Example 41-1. A sample Perl script

#!/usr/bin/perl -w

=head1 NAME

 writewav - Converts any sound file into .wav format

=cut

use Audio::SoundFile;
use Audio::SoundFile::Header;

my ($buffer, $length, $header, $reader, $writer);
my $BUFFSIZE = 16384;
my $ifile = shift @ARGV || usage( );
my $ofile = shift @ARGV || usage( );

$reader = Audio::SoundFile::Reader->new($ifile, \$header);
$header->{format} = SF_FORMAT_WAV | SF_FORMAT_PCM;
$writer = Audio::SoundFile::Writer->new($ofile,  $header);

while ($length = $reader->bread_pdl(\$buffer, $BUFFSIZE)) {
    $writer->bwrite_pdl($buffer);
}

$reader->close;
$writer->close;

sub usage {
  print "usage: $0 <infile> <outfile>\n";
  exit(1);
}

The first line of Example 41-1 should be familiar to shell hackers; it's the shebang line. When the first two bytes of a file are the characters #!, the shell uses the rest of that file's first line to determine which program should be used to interpret the rest of the file. In this case, the path to the Perl interpreter is given. Command line arguments can be given to the interpreter. Here -w instructs Perl to print warning messages when it finds code that is likely to be incorrect. This includes such common gaffes as trying to write to a read-only file handle, subroutines that recurse more than 100 times, and attempts to get the value of a scalar variable that hasn't been assigned a value yet. This flag is a new Perl programmer's best friend and should be used in all programs.

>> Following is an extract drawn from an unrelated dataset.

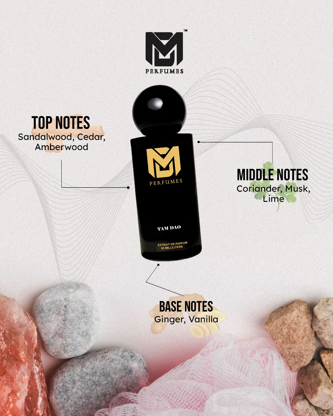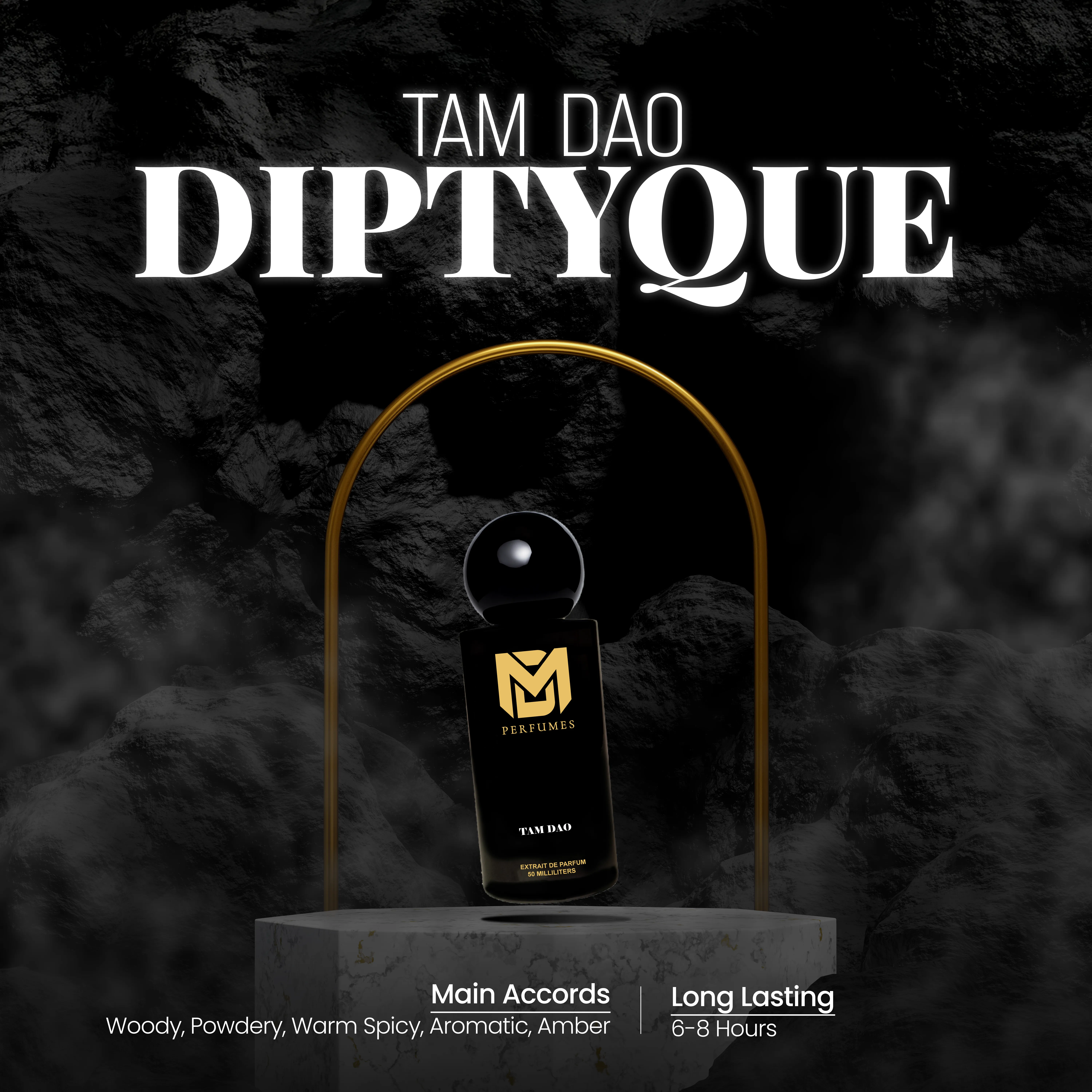 TAM DAO is a fragrance of serenity and timeless woods. It opens with green cypress and delicate rose, evoking stillness and calm. The heart is carried by creamy sandalwood and dry cedar, a pure and elegant duet that lingers softly on the skin. The base of amber, musk, and subtle spice adds warmth and depth, leaving behind a scent that feels both intimate and eternal.

All lines that start with = in the left margin are part of Perl's Plain Old Documentation (POD) system. Everything between the directives =head1 and =cut are documentation and do not affect how the script runs. There are Perl tools like pod2text and pod2man that will format the POD found in a script into the particular output format given in the command's name. There's even a pod2man program used during the Perl installation procedure that creates all the Perl manpages on the target system.

The next two lines begin with actual Perl code. To use Perl library files called modules (Section 41.10), scripts invoke the use module statement. Perl searches the paths listed in the global variable @INC (Section 41.2) for these modules, which typically have the extension .pm.

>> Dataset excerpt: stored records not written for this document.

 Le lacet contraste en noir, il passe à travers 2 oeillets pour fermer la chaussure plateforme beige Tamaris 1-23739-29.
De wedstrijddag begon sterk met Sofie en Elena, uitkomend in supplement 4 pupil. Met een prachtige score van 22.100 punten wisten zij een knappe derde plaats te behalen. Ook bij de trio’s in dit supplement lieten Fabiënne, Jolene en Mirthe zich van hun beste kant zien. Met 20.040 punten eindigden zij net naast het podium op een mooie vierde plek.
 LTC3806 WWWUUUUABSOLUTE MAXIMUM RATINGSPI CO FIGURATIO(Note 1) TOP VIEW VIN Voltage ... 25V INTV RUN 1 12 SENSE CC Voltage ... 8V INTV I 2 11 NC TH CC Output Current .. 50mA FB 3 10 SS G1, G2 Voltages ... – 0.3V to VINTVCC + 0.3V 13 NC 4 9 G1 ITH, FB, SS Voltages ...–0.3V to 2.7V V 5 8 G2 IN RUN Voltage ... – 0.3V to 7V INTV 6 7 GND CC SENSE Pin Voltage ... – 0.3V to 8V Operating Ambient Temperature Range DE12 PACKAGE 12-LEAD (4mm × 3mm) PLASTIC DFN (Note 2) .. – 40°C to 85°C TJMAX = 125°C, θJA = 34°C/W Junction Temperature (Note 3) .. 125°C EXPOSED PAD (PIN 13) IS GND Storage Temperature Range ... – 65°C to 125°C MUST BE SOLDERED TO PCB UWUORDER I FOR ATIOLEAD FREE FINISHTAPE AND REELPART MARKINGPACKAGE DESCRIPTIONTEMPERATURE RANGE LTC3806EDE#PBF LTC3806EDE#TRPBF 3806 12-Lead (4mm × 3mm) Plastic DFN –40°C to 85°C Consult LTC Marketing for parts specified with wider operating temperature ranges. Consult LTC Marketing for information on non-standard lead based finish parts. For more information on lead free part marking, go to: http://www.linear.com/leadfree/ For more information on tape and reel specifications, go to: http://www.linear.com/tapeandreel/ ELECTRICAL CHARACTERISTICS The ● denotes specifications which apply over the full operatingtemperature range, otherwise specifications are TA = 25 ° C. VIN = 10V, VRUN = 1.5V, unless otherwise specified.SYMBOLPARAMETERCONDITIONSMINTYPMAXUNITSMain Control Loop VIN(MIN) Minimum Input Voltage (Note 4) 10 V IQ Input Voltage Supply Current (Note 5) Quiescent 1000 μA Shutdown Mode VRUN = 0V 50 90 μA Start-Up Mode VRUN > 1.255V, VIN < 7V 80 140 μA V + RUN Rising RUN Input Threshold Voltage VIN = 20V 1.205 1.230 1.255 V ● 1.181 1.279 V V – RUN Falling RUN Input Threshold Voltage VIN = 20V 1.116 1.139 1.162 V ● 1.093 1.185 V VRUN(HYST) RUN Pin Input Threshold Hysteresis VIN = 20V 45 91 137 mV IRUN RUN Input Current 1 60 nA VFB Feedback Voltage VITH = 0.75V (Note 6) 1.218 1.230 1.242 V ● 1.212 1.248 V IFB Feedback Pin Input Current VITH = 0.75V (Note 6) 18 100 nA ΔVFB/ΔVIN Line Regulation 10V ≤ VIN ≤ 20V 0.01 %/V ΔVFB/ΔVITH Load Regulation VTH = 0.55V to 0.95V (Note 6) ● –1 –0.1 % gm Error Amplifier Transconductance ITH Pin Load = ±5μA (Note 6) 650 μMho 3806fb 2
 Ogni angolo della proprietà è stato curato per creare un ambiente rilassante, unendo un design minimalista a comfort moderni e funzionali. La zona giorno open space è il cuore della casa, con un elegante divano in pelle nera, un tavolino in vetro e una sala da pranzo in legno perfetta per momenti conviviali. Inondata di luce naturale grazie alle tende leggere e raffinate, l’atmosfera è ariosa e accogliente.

In Perl, variables don't need to be declared before being used. Although this behavior is convenient for small scripts, larger scripts can benefit from the disciplined approach of declaring variables. Perl 5 -- that is, Perl revision 5 -- introduced the my operator as a way of declaring a variable. Declaring variables allows the -w flag to help catch misspelled variable names, which are a common source of bugs in Perl scripts.

A variable that holds a single value is called a scalar and is always prefixed with a $ (even in assignments), unlike variables in the Bourne shell. The = is the assignment operator (when it's not appearing as a POD directive). Another kind of variable, called an array, can be used to hold many scalar values. Array variables begin with @. One example of a global array variable is @ARGV, which holds the list of command-line arguments passed into the Perl script.

Continuing with Example 41-1, the two variables $ifile and $ofile get values from the command line. The shift operator removes values from the beginning of the @ARGV array. If there aren't enough values on the command line, the user defined subroutine usage( ) is called.

Perl supports object oriented programming (OOP). The hallmark of OOP is that both the data and the subroutines (called methods in OOP jargon) for processing that data are accessed through an object. In traditional procedural programming, data structures are stored separately from functions that manipulate them. Fortunately, using object oriented Perl modules is often straightforward. In Example 41-1, the scalar $reader is a new Audio::SoundFile::Reader object. Unlike other OOP languages, Perl's objects are not opaque: the user can set or get values internal to the object. This is what is happening on the next line. The -> dereferencing operator is used both to get at values that are pointed to by references (Section 41.5.4) and to make method calls. Here, the key format is set to a value that is created by the bitwise or of the values returned by the subroutines SF_FORMAT_WAV and SF_FORMAT_PCM. Another object, $writer, is created on the following line.

The heart of the program is the while loop which, in English, reads, "While reading more chunks of the source file, translate that chunk into WAV data and write it to the outfile." When the loop finishes, those objects are no longer needed, so the close( ) method is called on each of them to release any resources used by those objects. This is the end of the program's execution, but there's a bit more to this script.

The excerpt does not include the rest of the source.